### MATERIAL PROVIDED
------------------------------------------------------------------------
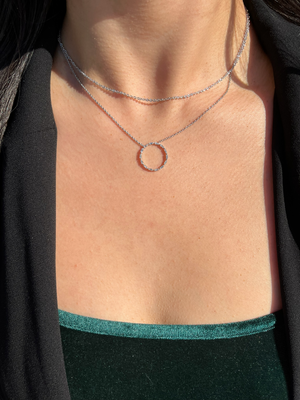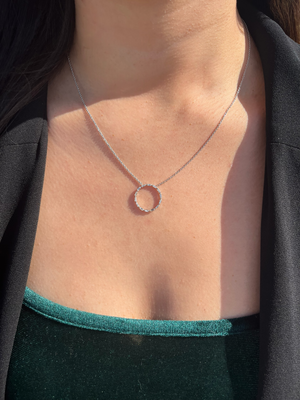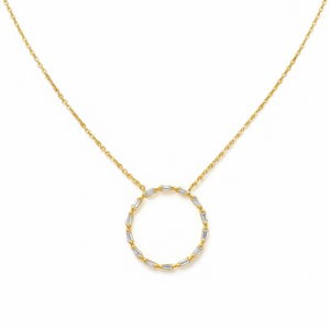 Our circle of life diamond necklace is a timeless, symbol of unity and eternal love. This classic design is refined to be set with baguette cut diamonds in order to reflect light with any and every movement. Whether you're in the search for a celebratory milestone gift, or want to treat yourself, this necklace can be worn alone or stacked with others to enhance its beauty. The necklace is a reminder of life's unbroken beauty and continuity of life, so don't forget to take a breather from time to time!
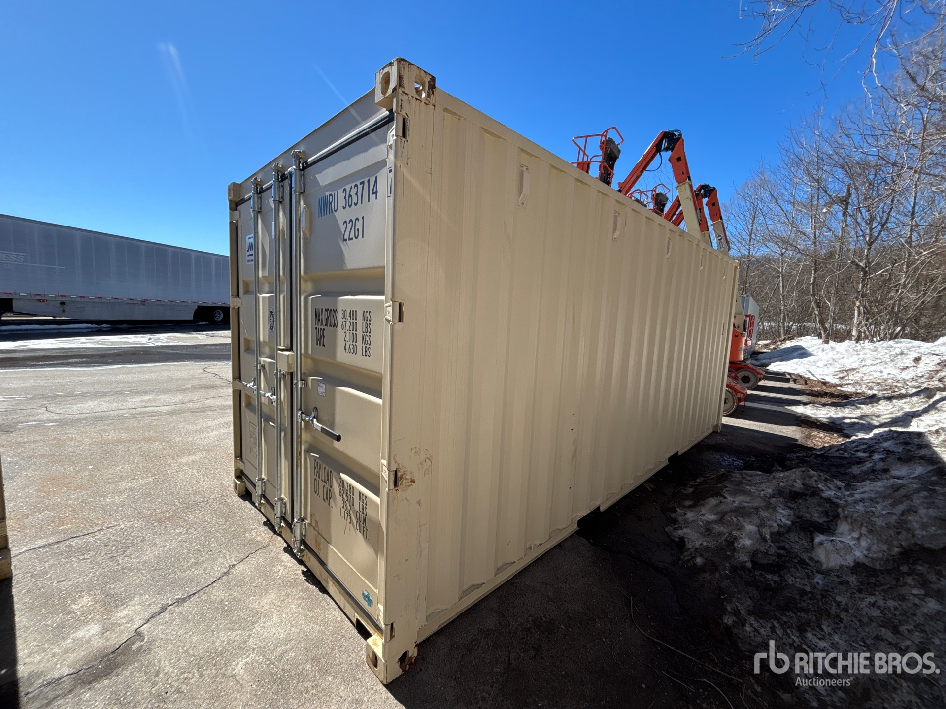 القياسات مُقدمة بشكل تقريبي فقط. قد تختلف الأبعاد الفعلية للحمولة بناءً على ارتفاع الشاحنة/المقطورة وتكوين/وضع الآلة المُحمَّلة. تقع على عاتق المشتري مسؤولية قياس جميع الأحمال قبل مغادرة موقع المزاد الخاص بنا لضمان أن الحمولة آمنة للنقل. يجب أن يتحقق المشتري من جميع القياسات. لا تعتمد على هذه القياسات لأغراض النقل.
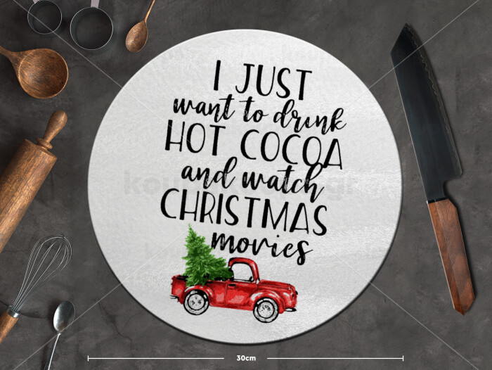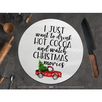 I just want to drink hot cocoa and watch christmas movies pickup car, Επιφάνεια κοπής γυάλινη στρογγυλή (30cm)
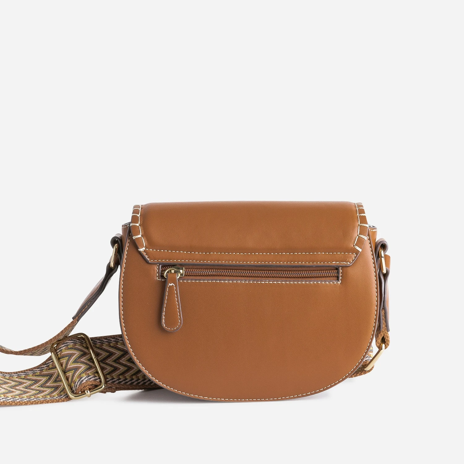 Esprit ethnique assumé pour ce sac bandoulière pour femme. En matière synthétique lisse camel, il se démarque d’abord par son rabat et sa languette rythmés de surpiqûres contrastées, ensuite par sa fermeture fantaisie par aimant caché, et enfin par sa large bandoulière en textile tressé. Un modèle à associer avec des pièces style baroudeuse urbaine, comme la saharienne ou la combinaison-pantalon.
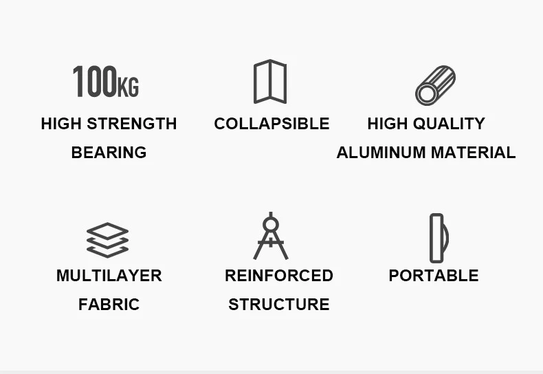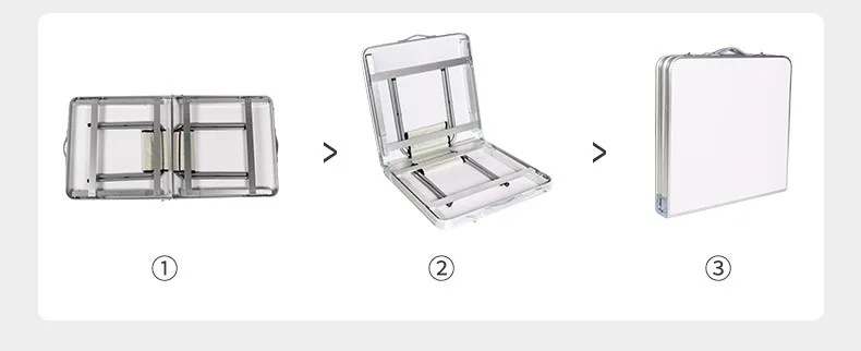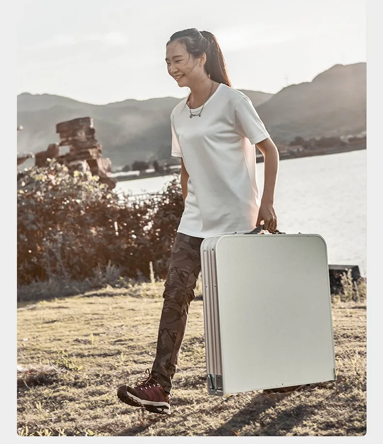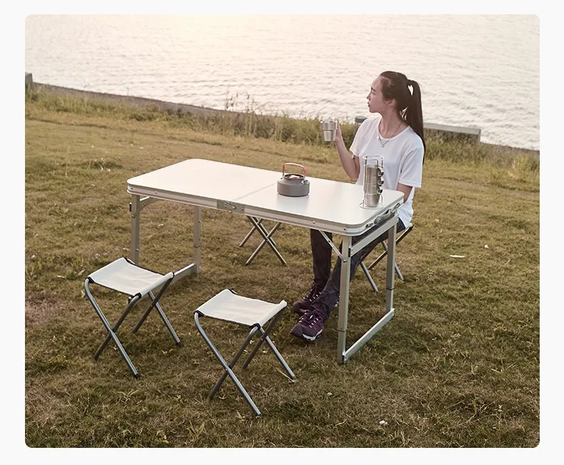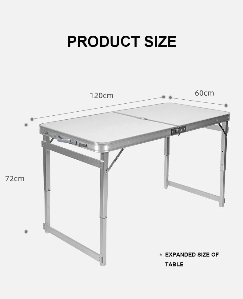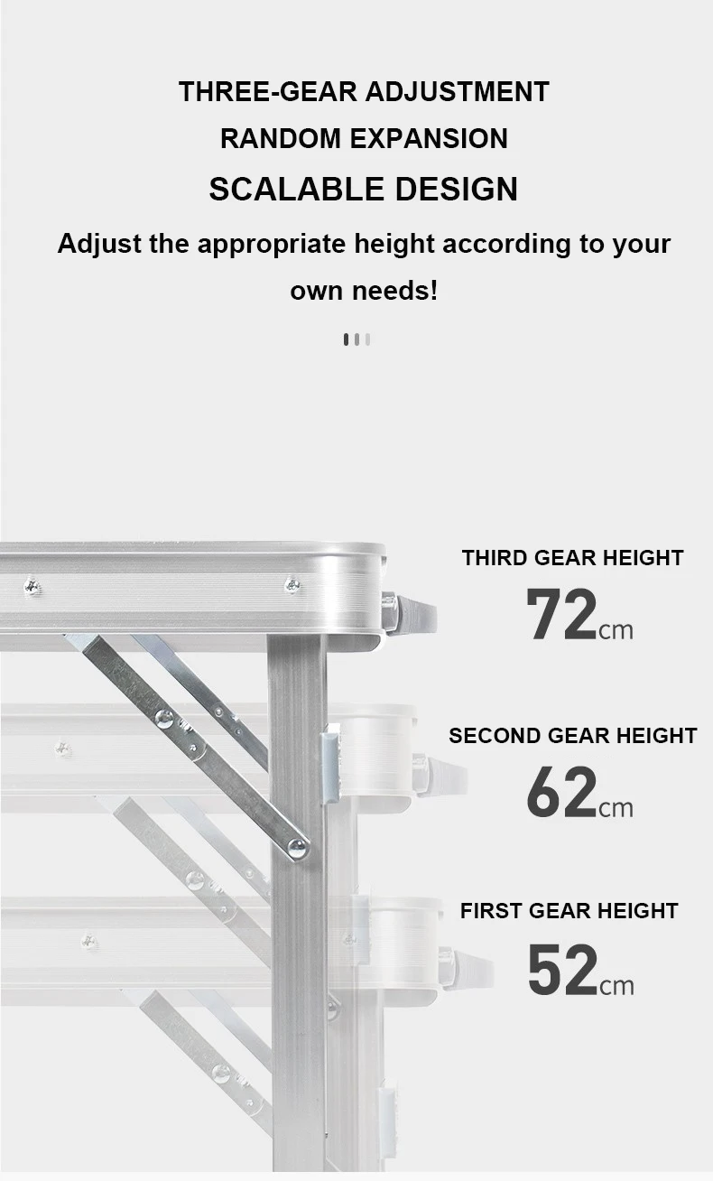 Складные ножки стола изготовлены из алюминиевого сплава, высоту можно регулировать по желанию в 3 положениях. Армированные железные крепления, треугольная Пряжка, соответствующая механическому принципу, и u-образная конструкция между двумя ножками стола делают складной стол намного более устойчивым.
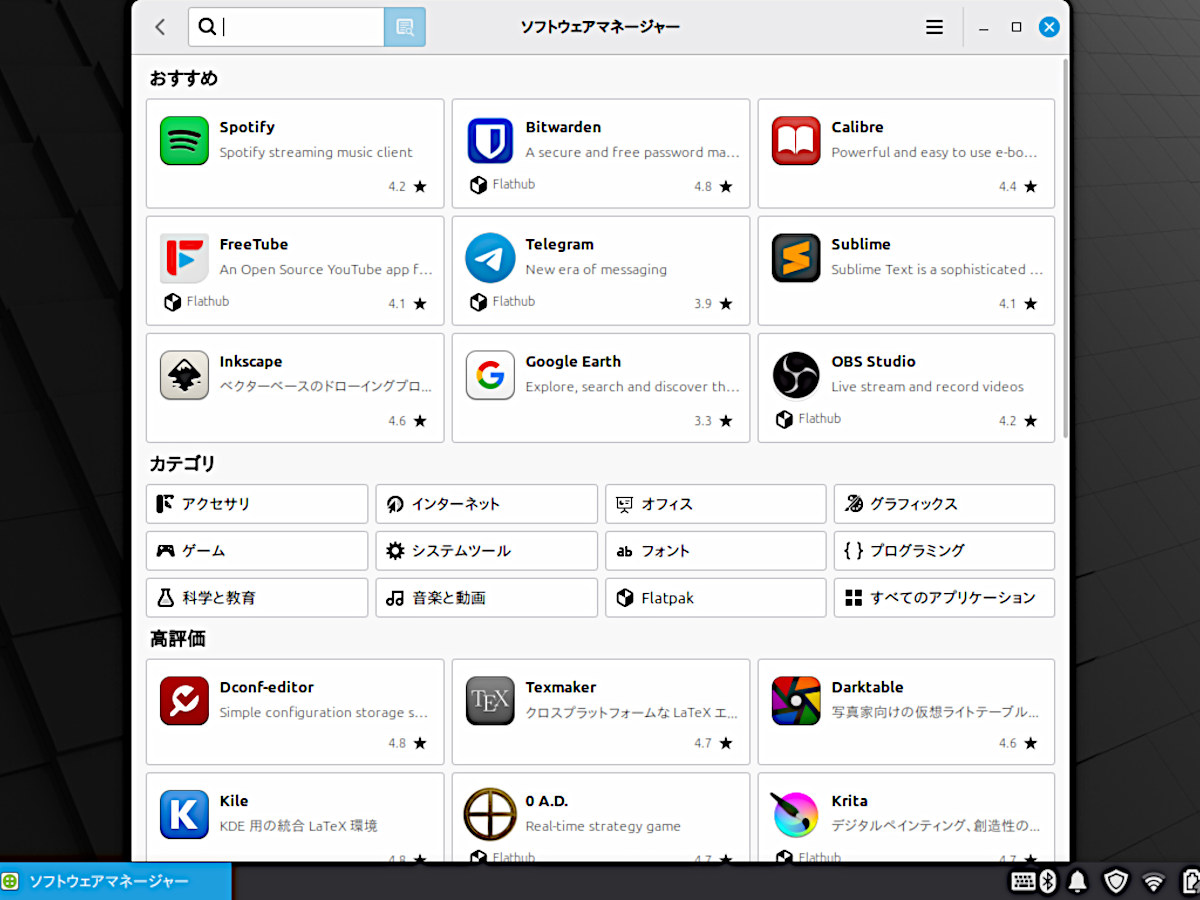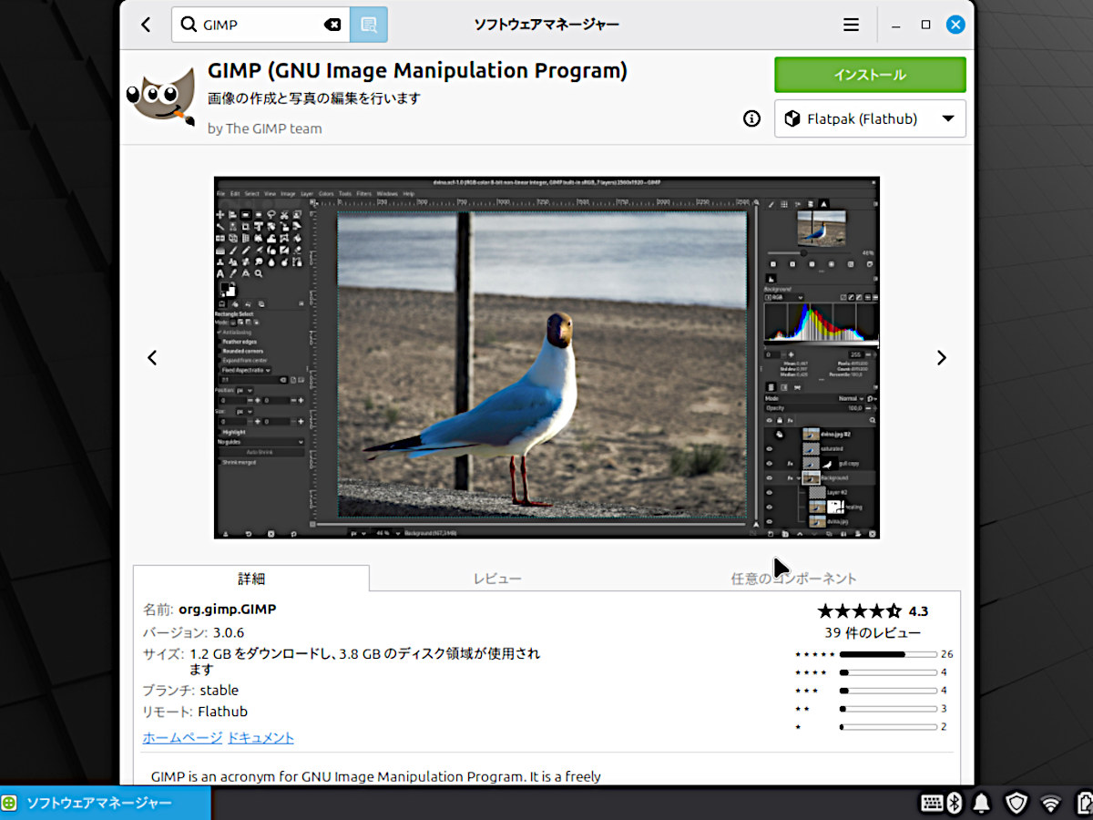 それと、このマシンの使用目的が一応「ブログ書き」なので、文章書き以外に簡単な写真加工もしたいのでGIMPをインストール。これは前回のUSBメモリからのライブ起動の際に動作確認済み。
------------------------------------------------------------------------
### THE PROBLEM
Give back all of the data exactly, but not the pictures.

### WRITTEN ANSWER
 Our circle of life diamond necklace is a timeless, symbol of unity and eternal love. This classic design is refined to be set with baguette cut diamonds in order to reflect light with any and every movement. Whether you're in the search for a celebratory milestone gift, or want to treat yourself, this necklace can be worn alone or stacked with others to enhance its beauty. The necklace is a reminder of life's unbroken beauty and continuity of life, so don't forget to take a breather from time to time!
 القياسات مُقدمة بشكل تقريبي فقط. قد تختلف الأبعاد الفعلية للحمولة بناءً على ارتفاع الشاحنة/المقطورة وتكوين/وضع الآلة المُحمَّلة. تقع على عاتق المشتري مسؤولية قياس جميع الأحمال قبل مغادرة موقع المزاد الخاص بنا لضمان أن الحمولة آمنة للنقل. يجب أن يتحقق المشتري من جميع القياسات. لا تعتمد على هذه القياسات لأغراض النقل.
 I just want to drink hot cocoa and watch christmas movies pickup car, Επιφάνεια κοπής γυάλινη στρογγυλή (30cm)
 Esprit ethnique assumé pour ce sac bandoulière pour femme. En matière synthétique lisse camel, il se démarque d’abord par son rabat et sa languette rythmés de surpiqûres contrastées, ensuite par sa fermeture fantaisie par aimant caché, et enfin par sa large bandoulière en textile tressé. Un modèle à associer avec des pièces style baroudeuse urbaine, comme la saharienne ou la combinaison-pantalon.
 Складные ножки стола изготовлены из алюминиевого сплава, высоту можно регулировать по желанию в 3 положениях. Армированные железные крепления, треугольная Пряжка, соответствующая механическому принципу, и u-образная конструкция между двумя ножками стола делают складной стол намного более устойчивым.
 それと、このマシンの使用目的が一応「ブログ書き」なので、文章書き以外に簡単な写真加工もしたいのでGIMPをインストール。これは前回のUSBメモリからのライブ起動の際に動作確認済み。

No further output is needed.